Can’t get enough of factor variables


In relation to yesterday’s blog post, here are three links to useful sites/files that provide very good introduction to Stata’s factor variables:

Christopher Baum’s Factor Variables and Marginal Effects in Stata 11

Michael Mitchell’s Stata Tidbit of the Week – What the ##?

UCLA ATS’s What’s new in Stata 11: Factor variables, margins and interactions

Getting to know “factor variables”


This is an update to the earlier post i. without the prefix -xi-. So the i.‘s (or “i options” as Joe Glass called it) have a name. Stata calls them “factor variables” and there is more to them than i. .See -help fvvarlist- for the documentation and some very helpful examples.

i. without the prefix -xi-


This blog (including the pile of books to read, the GRE reviewers to go through, the TV shows to watch…this list will never end) has been neglected for more than week. Anyway… here is i. .

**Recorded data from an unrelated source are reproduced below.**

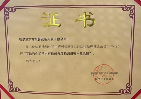 哈爾濱東方報(bào)警設(shè)備開發(fā)有限公司受邀參加本次會(huì)議并獲得【石油和化工用戶可信賴氣體檢測報(bào)警器產(chǎn)品品牌】嘉獎(jiǎng)!
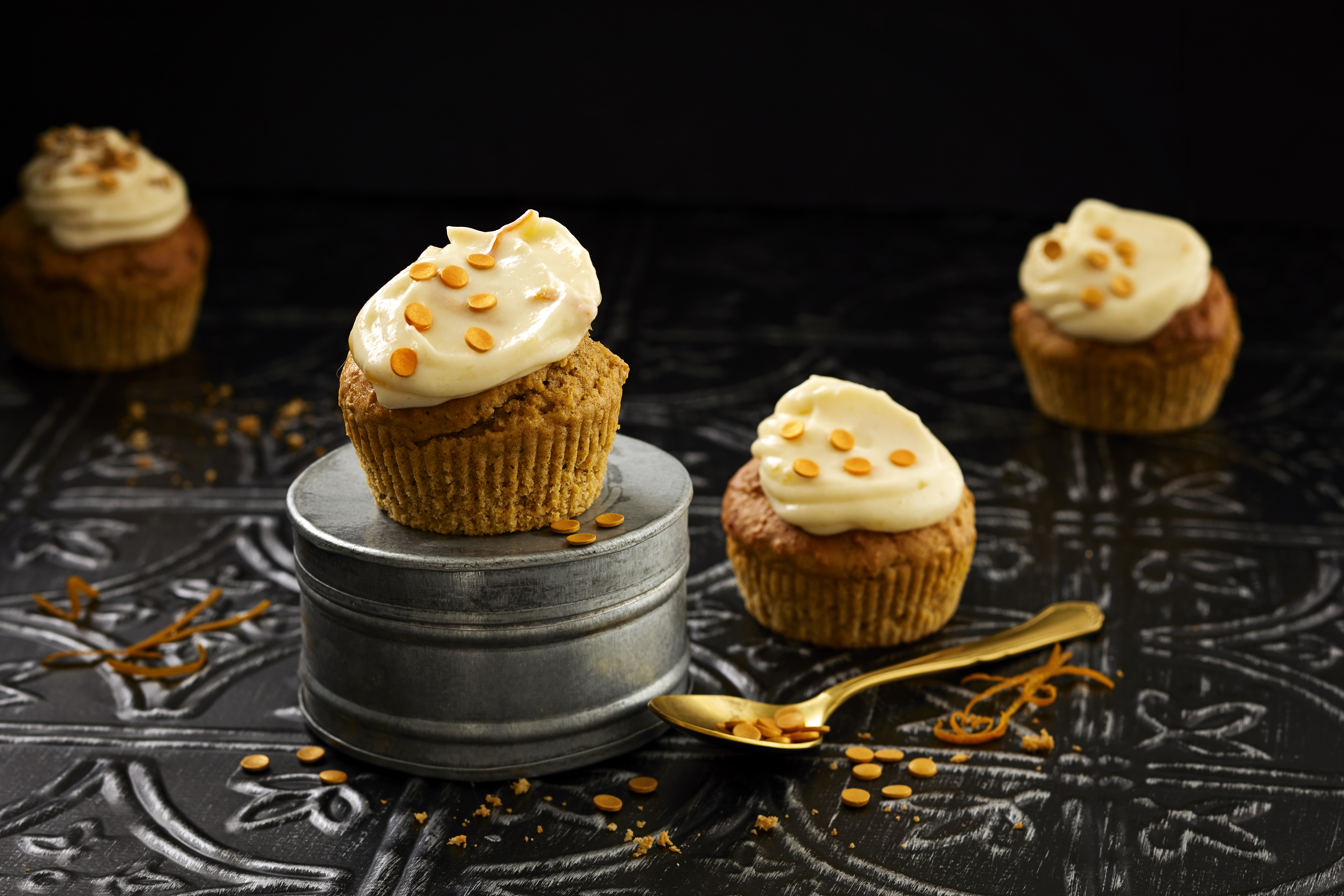Kivat kuppikakut saavat mehukkuutta bataatista. Appelsiinin makuinen kuorrute kruunaa kakkuset.
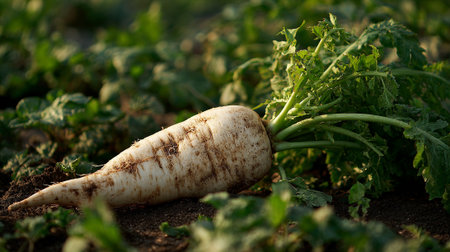 Fresh Daikon Radishes Growing in Rich Soil, a Bountiful Harvest
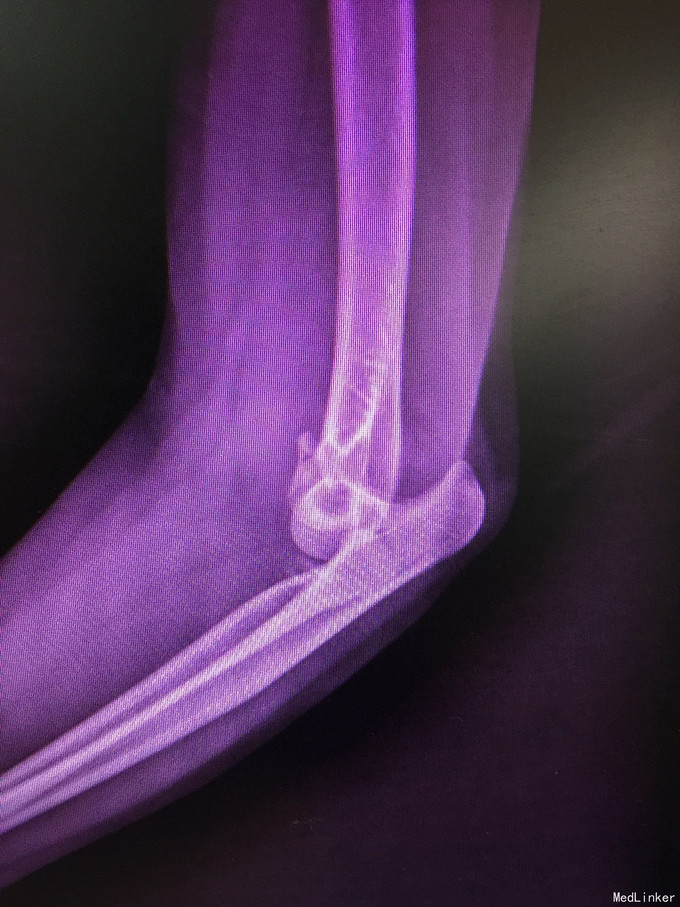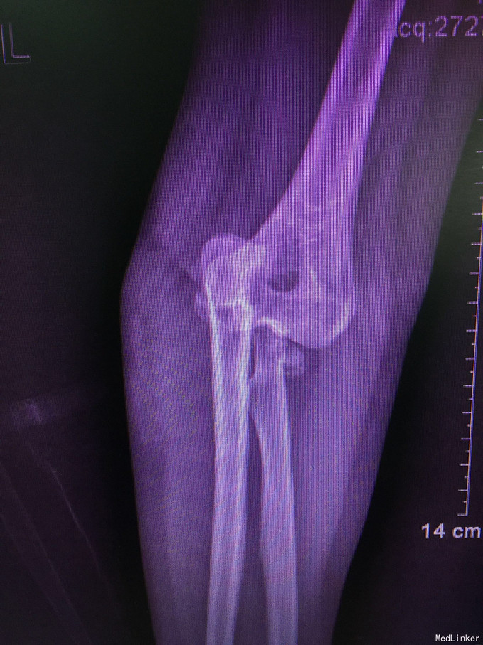 患者缘于2周前做家务时自离地50cm处跌落,左上臂先着地支撑,即感左肘关节疼痛,无法自主活动,左肘周围肿胀,无感觉障碍,遂至我院就诊。
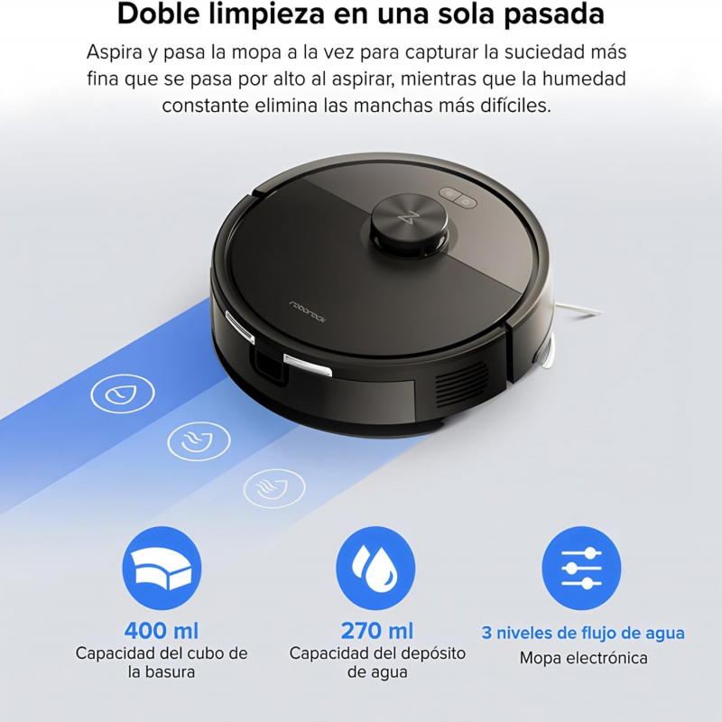 Aspira y trapea al mismo tiempo: limpieza 2 en 1 más eficiente: El depósito de agua de 270 ml permite que esta robot aspiradora y trapeador aspire y trapee simultáneamente. Puedes elegir entre tres niveles de agua para adaptarse a distintos tipos de pisos. Cubre hasta 210 m² al trapear o 160 m² al aspirar en una sola sesión de hasta 150 minutos, con mopa desmontable para mayor comodidad.
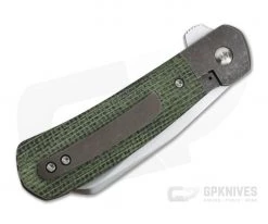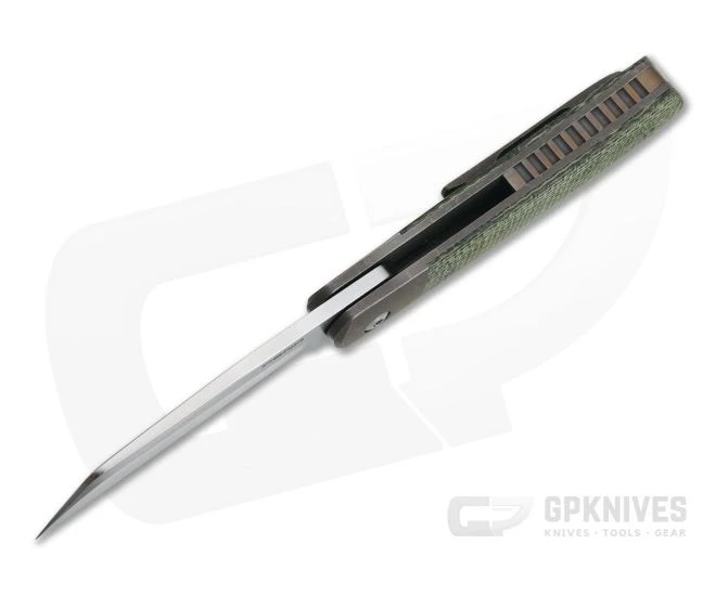 The Handle: Modern and clean in form and fuction, the frame of the handle is formed by two thick titanium liners which also create the integral bolsters. The rear liner forms a rock solid “bolster lock” mechanism that is smooth and reliable. The bolsters, liners and 3D machined pocket clip all feature a blasted, tumbled and bronze anodized finish while the partial backspacer has also been anodized bronze to match. Elegant and rugged green canvas Micarta handle scales complete the look and provide a very comfortable grip in the hand. Satin Torx hardware completes the construction.
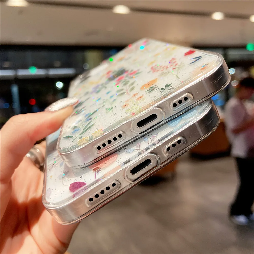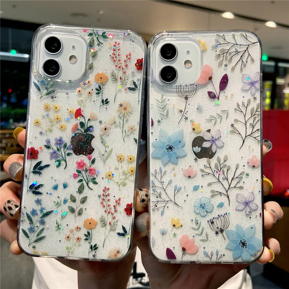 Прозрачный блестящий Мягкий силиконовый чехол с цветами для телефон...
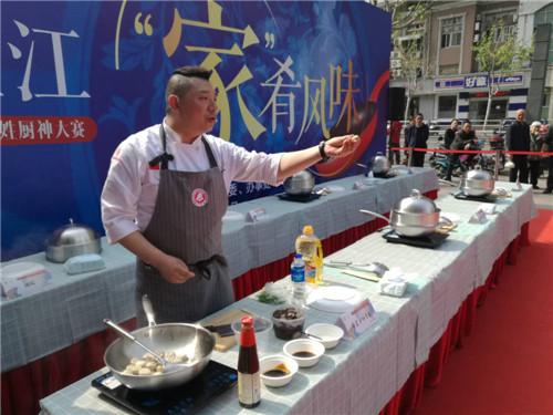 鲜嫩可口的“荠菜笋炒年糕”、酱香味浓郁的“砂锅焗鮰鱼”、清香爽口的“马兰头拌香干”……4月17日下午,五月花生活广场犹如美食广场般菜香气味浓郁,各类花色菜肴、点心琳琅满目,由芷江西路街道主办的“海派芷江·‘家’肴风味”——第四届芷江“百姓厨神”大赛,正在热闹举行,21位从各居民区选拔出来的百姓烹饪高手,在台上向前来观摩的居民展示自己的厨艺。

i. is usually used with the -xi- prefix. But it may also be used without -xi-. i. allows you to include dummy variables for a categorical variable without explicitly generating new variables for each category.

For example:

sysuse auto, clear
reg price i.rep78

is the same as generating dummy variables for each of the n=5 categories of rep78 first and including n-1 of them in the regression:

sysuse auto, clear
tab rep78, gen(rep78_)
reg price rep78_2 rep78_3 rep78_4 rep78_5

By default, the category with the lowest value (in this case, n=1) is omitted. No new variables are generated using the command above. Without the -xi- prefix, however, the use of i. is limited to only one of the four possible dummy variable creation allowed with -xi-. With -xi-, it is possible to directly specify interactions. Also, with -xi-, it is possible to choose the omitted category. See –help xi-.